• _Stored data_:
* * * * * * * * *

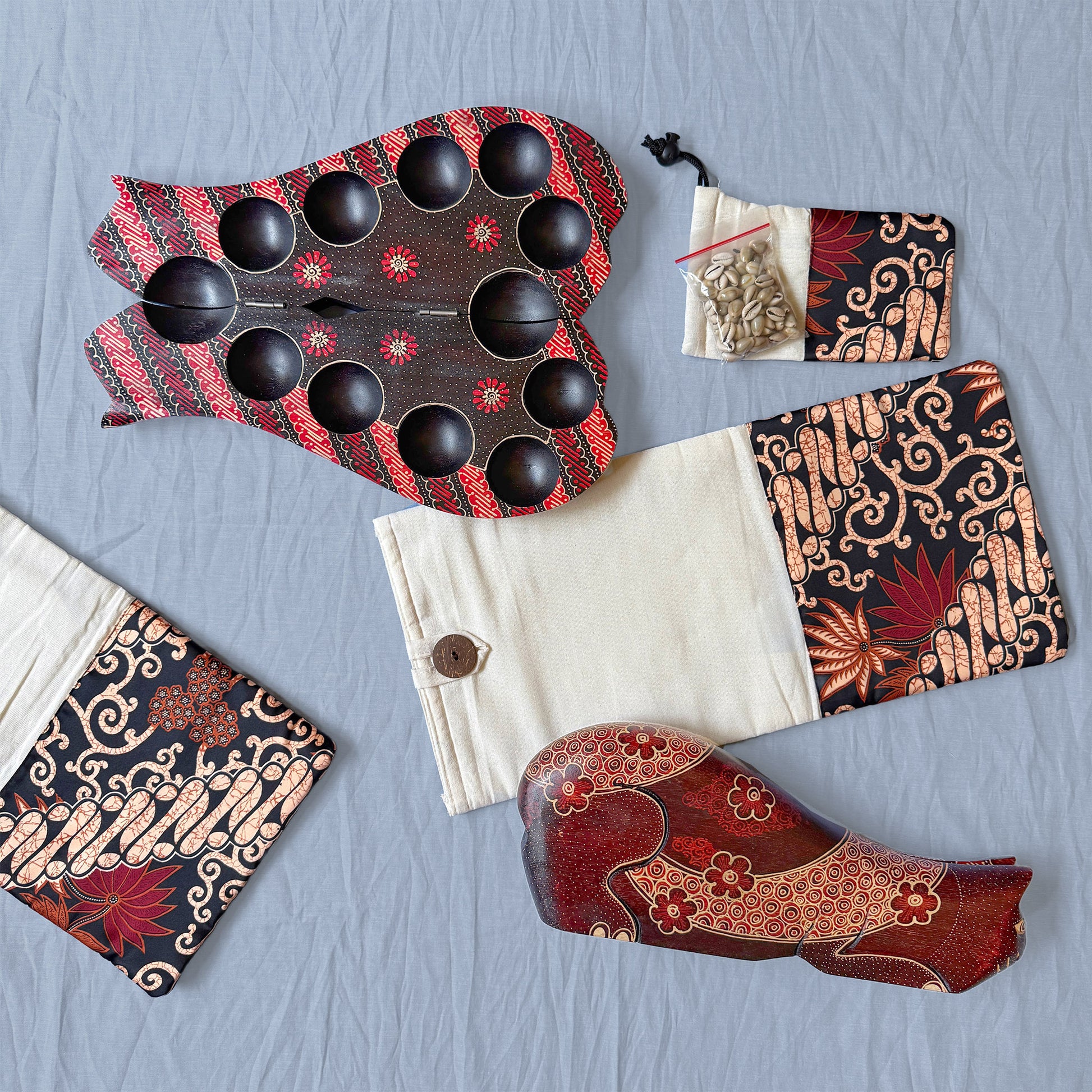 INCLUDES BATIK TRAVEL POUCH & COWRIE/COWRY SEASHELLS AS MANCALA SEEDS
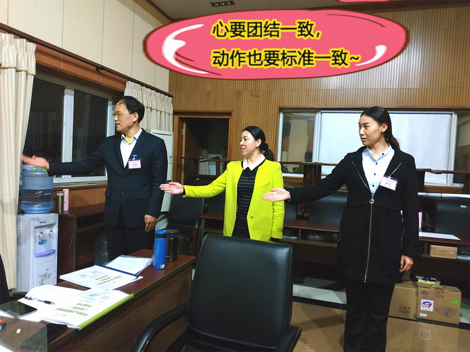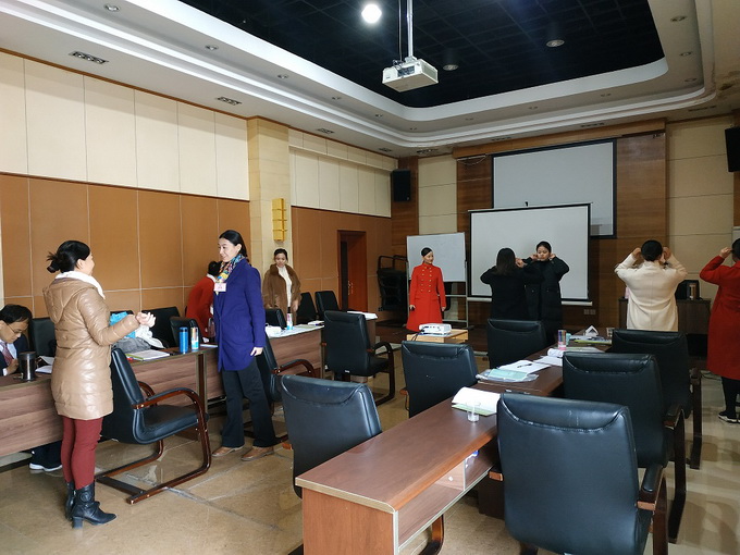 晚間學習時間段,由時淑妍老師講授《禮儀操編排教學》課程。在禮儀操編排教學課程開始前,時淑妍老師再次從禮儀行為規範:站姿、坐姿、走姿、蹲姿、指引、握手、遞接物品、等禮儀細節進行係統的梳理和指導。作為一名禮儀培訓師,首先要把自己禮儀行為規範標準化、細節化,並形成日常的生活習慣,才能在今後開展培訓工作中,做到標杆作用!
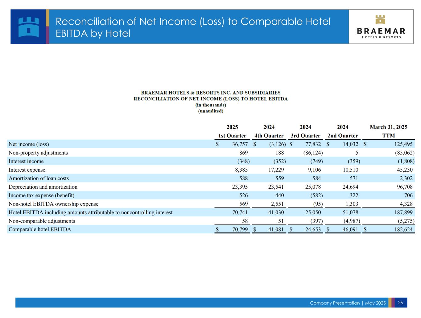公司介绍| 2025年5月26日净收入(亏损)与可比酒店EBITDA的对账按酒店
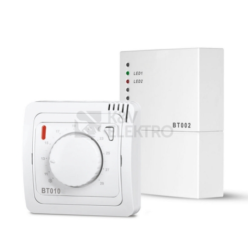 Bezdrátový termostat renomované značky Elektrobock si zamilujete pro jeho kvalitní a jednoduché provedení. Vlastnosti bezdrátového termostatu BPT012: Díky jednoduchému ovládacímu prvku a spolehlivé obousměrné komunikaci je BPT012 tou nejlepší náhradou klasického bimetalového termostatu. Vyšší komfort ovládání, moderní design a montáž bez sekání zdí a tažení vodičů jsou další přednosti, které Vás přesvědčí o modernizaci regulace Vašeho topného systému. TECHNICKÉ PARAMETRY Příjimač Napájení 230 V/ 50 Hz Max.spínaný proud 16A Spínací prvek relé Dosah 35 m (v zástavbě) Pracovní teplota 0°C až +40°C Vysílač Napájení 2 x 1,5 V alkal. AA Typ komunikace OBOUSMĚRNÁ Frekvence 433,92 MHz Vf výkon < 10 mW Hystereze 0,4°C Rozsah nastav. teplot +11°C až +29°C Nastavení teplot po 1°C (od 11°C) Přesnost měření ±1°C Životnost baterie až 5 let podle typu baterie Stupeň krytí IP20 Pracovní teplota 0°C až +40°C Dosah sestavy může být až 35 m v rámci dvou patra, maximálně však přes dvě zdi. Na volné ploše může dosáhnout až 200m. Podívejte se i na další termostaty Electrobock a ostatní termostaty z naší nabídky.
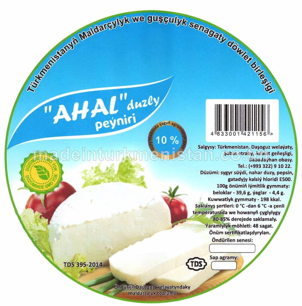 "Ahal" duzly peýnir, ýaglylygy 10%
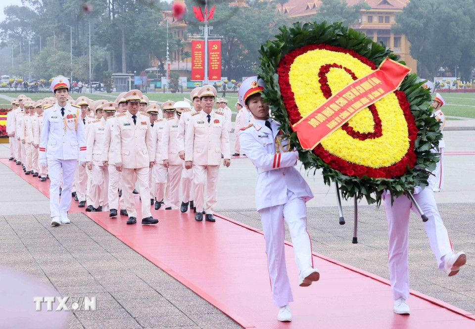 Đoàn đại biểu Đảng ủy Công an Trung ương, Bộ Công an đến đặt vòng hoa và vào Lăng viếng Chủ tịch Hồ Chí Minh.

* * * * * * * * *

• _Problem description_: Output the records exactly, and let none of their pictures appear in the copy.

• _Problem solution_:
 INCLUDES BATIK TRAVEL POUCH & COWRIE/COWRY SEASHELLS AS MANCALA SEEDS
 晚間學習時間段,由時淑妍老師講授《禮儀操編排教學》課程。在禮儀操編排教學課程開始前,時淑妍老師再次從禮儀行為規範:站姿、坐姿、走姿、蹲姿、指引、握手、遞接物品、等禮儀細節進行係統的梳理和指導。作為一名禮儀培訓師,首先要把自己禮儀行為規範標準化、細節化,並形成日常的生活習慣,才能在今後開展培訓工作中,做到標杆作用!
公司介绍| 2025年5月26日净收入(亏损)与可比酒店EBITDA的对账按酒店
 Bezdrátový termostat renomované značky Elektrobock si zamilujete pro jeho kvalitní a jednoduché provedení. Vlastnosti bezdrátového termostatu BPT012: Díky jednoduchému ovládacímu prvku a spolehlivé obousměrné komunikaci je BPT012 tou nejlepší náhradou klasického bimetalového termostatu. Vyšší komfort ovládání, moderní design a montáž bez sekání zdí a tažení vodičů jsou další přednosti, které Vás přesvědčí o modernizaci regulace Vašeho topného systému. TECHNICKÉ PARAMETRY Příjimač Napájení 230 V/ 50 Hz Max.spínaný proud 16A Spínací prvek relé Dosah 35 m (v zástavbě) Pracovní teplota 0°C až +40°C Vysílač Napájení 2 x 1,5 V alkal. AA Typ komunikace OBOUSMĚRNÁ Frekvence 433,92 MHz Vf výkon < 10 mW Hystereze 0,4°C Rozsah nastav. teplot +11°C až +29°C Nastavení teplot po 1°C (od 11°C) Přesnost měření ±1°C Životnost baterie až 5 let podle typu baterie Stupeň krytí IP20 Pracovní teplota 0°C až +40°C Dosah sestavy může být až 35 m v rámci dvou patra, maximálně však přes dvě zdi. Na volné ploše může dosáhnout až 200m. Podívejte se i na další termostaty Electrobock a ostatní termostaty z naší nabídky.
 "Ahal" duzly peýnir, ýaglylygy 10%
 Đoàn đại biểu Đảng ủy Công an Trung ương, Bộ Công an đến đặt vòng hoa và vào Lăng viếng Chủ tịch Hồ Chí Minh.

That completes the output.